▶ PROVIDED MATERIAL
☆ ☆ ☆ ☆ ☆ ☆ ☆

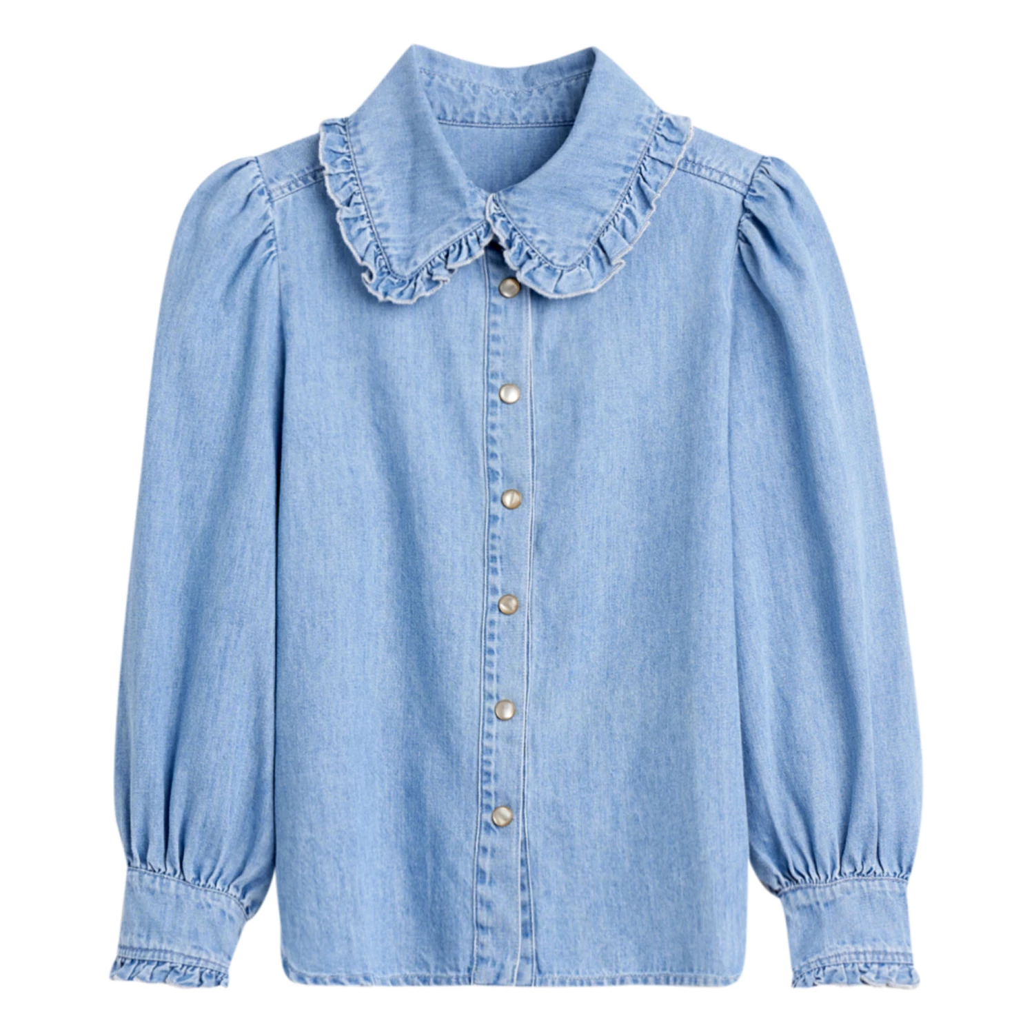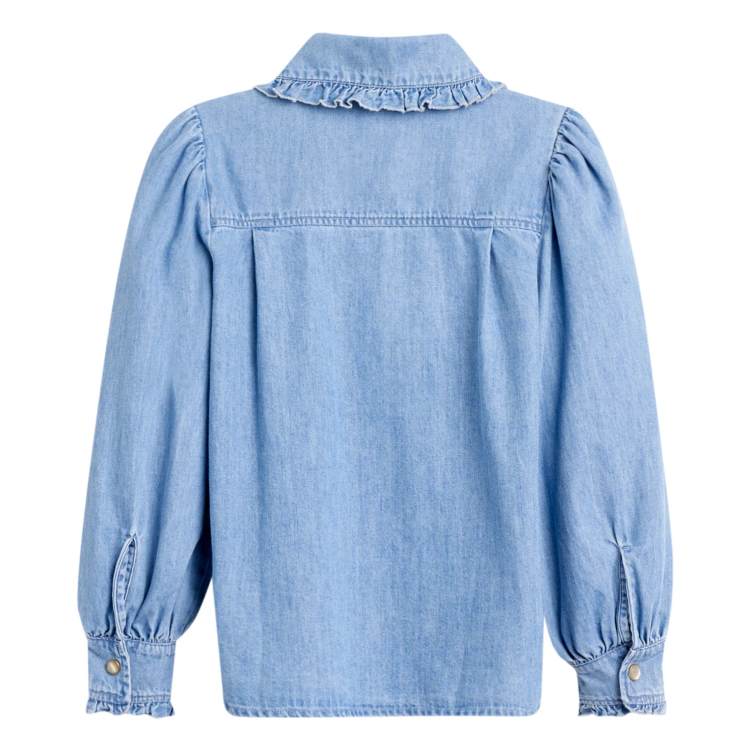 - Tightened at the wrists, Gathered armholes, Balloon sleeves, Long sleeves, Pleated back, Buttoned cuffs, Shirt cuffs, Frill cuffs, Peter Pan collar, Frilled collar
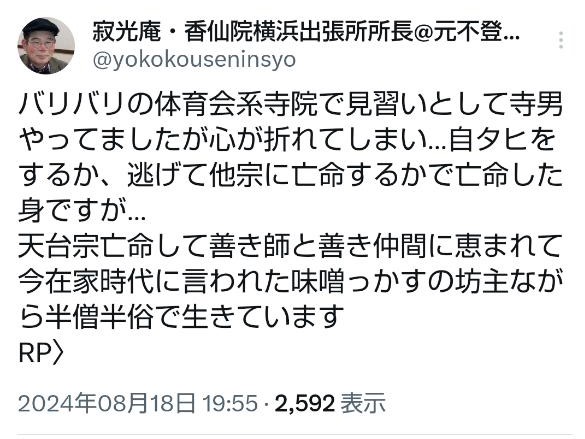ただ願人坊主というのは明治に禁止されているので意味が通じないので修験者と言うのが一番いいのかもしれませんね。大学に入るのに確認してもらったら天台宗修験道法流の末席に籍は有るそうですし。
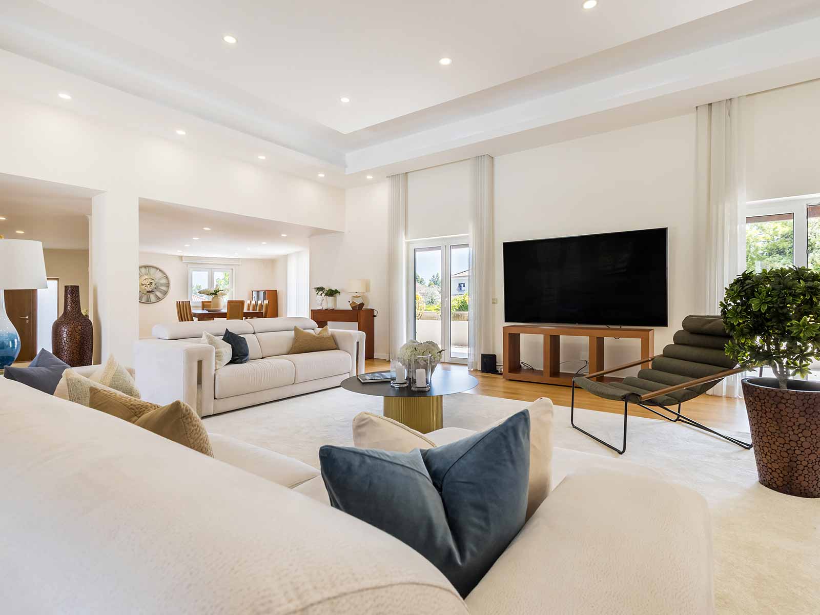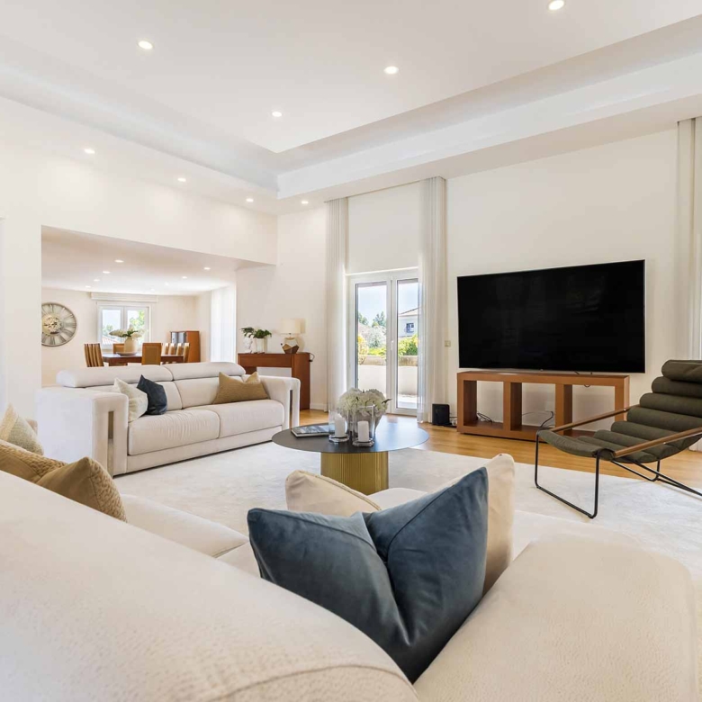 5-bedroom villa with 605 m² of gross construction area, featuring a garden, swimming pool and garage for two vehicles, set on a 1,779 m² plot located in Quinta da Beloura, Sintra.The villa is spread over two floors. On the entrance floor, there is a hall that gives access to the common rooms in an open plan layout, where there are three distinct areas: living room, dining room and games room. It features a spacious equipped kitchen with dining area, pantry and laundry, an office and a guest bathroom. On this same floor, there are three en-suite bedrooms, one with a walk-in closet, a gym, and access to the garage. On the upper floor, there are two en-suite bedrooms, one of which consists of a living room, bathroom and two separate walk-in closets. The exterior features a 102 m² leisure area with a swimming pool, covered balcony, porch and children’s playground.In Quinta da Beloura, you can find all kinds of shops and services, green and leisure areas, lakes, and also a golf course, the Beloura Tennis Academy, and the Holmes Place gym.Located in a privileged area, 2 minutes driving distance from the International Schools The American School in Portugal (TASIS) and Carlucci American International School of Lisbon (CAISL). In Quinta da Beloura, you can find all types of commerce and services, green and leisure areas, lakes, and also a golf course, the Beloura Tennis Academy, and the Holmes Place gym. 2 minutes from El Corte Inglés in Beloura, and 10 minutes from the main shopping centers CascaiShopping and Alegro Sintra. Easy access to IC19, A16 and just over 5 minutes from access to A5. A few minutes from the historic center of Sintra and 20 minutes from Lisbon and Humberto Delgado Airport.

☆ ☆ ☆ ☆ ☆ ☆ ☆

▶ TASK TO COMPLETE
Print only the lines from the opening line of the listing to the line containing "ただ願人坊主というのは明治に", inclusive, exactly as they appear and without pictures.

▶ WRITTEN RESPONSE
 - Tightened at the wrists, Gathered armholes, Balloon sleeves, Long sleeves, Pleated back, Buttoned cuffs, Shirt cuffs, Frill cuffs, Peter Pan collar, Frilled collar
ただ願人坊主というのは明治に禁止されているので意味が通じないので修験者と言うのが一番いいのかもしれませんね。大学に入るのに確認してもらったら天台宗修験道法流の末席に籍は有るそうですし。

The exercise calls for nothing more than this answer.